File “/home/airflow/.local/lib/python3.11/site-packages/airflow/providers/amazon/aws/hooks/glue.py”, line 346, in _handle_state

raise AirflowException(job_error_message)

airflow.exceptions.AirflowException: Exiting Job jr_91fd58a6faedd4b167b33dad1f2cb30fbb8eb3c50af689769ed9f81765cbcef1 Run State: FAILED

[2024-12-02, 21:01:45 UTC] {local_task_job_runner.py:266} INFO - Task exited with return code 1

[2024-12-02, 21:01:45 UTC] {taskinstance.py:3900} INFO - 0 downstream tasks scheduled from follow-on schedule check

[2024-12-02, 21:01:45 UTC] {local_task_job_runner.py:245} ▲▲▲ Log group end

I have followed your steps to check the data quality in AWS Glue. I don’t have error in the three tables. Here is one of the check for song table.

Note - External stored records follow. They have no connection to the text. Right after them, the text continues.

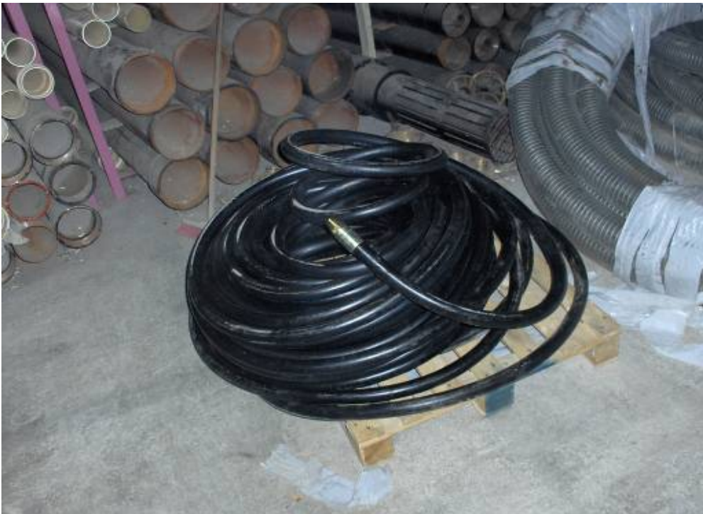
Materials which have been delivered to the CMWU store in Gaza – (Jetting hoses and Transparent sewage pipes of 4 inches diameter (23/03/09)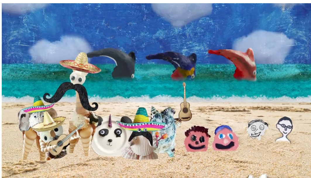
Still from B&NES Young Carers music video 'The Beach', the first music video in our Lockdown Sessions.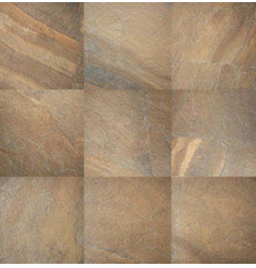
BRONZED BEACON AY03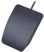
Single Foot Pedal FS007RJ11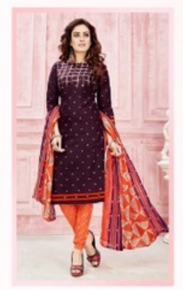
D No. 4009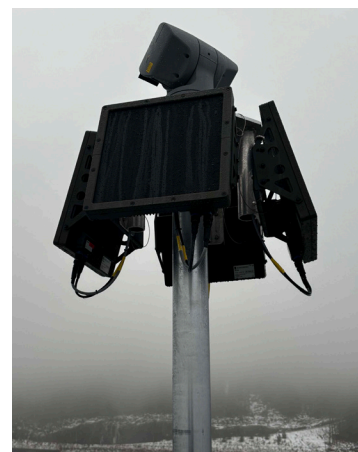
Quad DR 100 with PTZ camera for 360° coverage

Specifications subject to change without any further notice.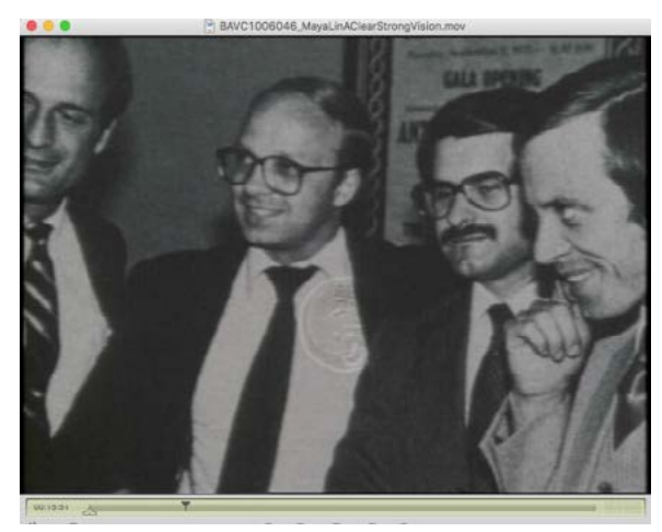
Many videos have some form of image error. The above "watermark" is a blemish on an old tape that can be seen in 1/30 of a second. After capturing, Yule would go back to any discrepancy to investigate further.

I began the program at SJSU with a focus on photography preservation as a means of utilizing my background in historic photography practices as a way to protect and preserve images for future generations. However, through my internship at the Hoover Institution Archives. I fell in love with working in all areas of archives, not just photographs, and have had the fortunate experience to process incredible collections including the Russian Revolution and the Vietnam War, each providing a unique glimpse of someone's life that I get to describe, organize, and preserve. When the fellowship was posted, I had a "this was made for me" moment and applied instantly. I have wanted to work

In the last step of data visualization in Superset in the Part 2, I don’t know the details of the required data in the screenshot. Is that meaning my connection of Redshift failed?

Hi Amir,

I am able to access to Part 1 assignment. However, my jobs in 4.1 tasks were successful and my jobs in 4.2 tasks still were failed. I had reviewed all the files in 4.2 tasks and they were looked good to me. Could you please advise me?

VS Console:
(jupyterlab-venv) abc@5117febb3ccf:~/workspace/terraform$ aws glue get-job-run --job-name de-c4w4a1-json-transform-job --run-id jr_f48023fd46346c67385e4ad3f0248672154285b83e9d7a2fbe609dfcdba5251b --output text --query “JobRun.JobRunState”

FAILED

(jupyterlab-venv) abc@5117febb3ccf:~/workspace/terraform$ aws glue get-job-run --job-name de-c4w4a1-songs-transform-job --run-id jr_e5893c534def718e7b07cd07102fda991840d3721a1f6c1bade3c3c4ed129747 --output text --query “JobRun.JobRunState”

FAILED

I tried to run the two jobs in Glue but no luck.

No error:

Hello @Adazhu
Since the jobs are failing, there should be something wrong with either the terraform files, s3.tf and glue.tf, or the asset files, de-c4w4a1-transform-json-job.py and de-c4w4a1-transform-songs-job.py. Please, click on the failed job from the AWS Glue console, go to the Runs menu, and select the failed run. You can see the logs there and add them here.
About the issues with other labs, please post them in separate treads as it’s becoming a little hard to follow this one. We will assist you there. Thank you.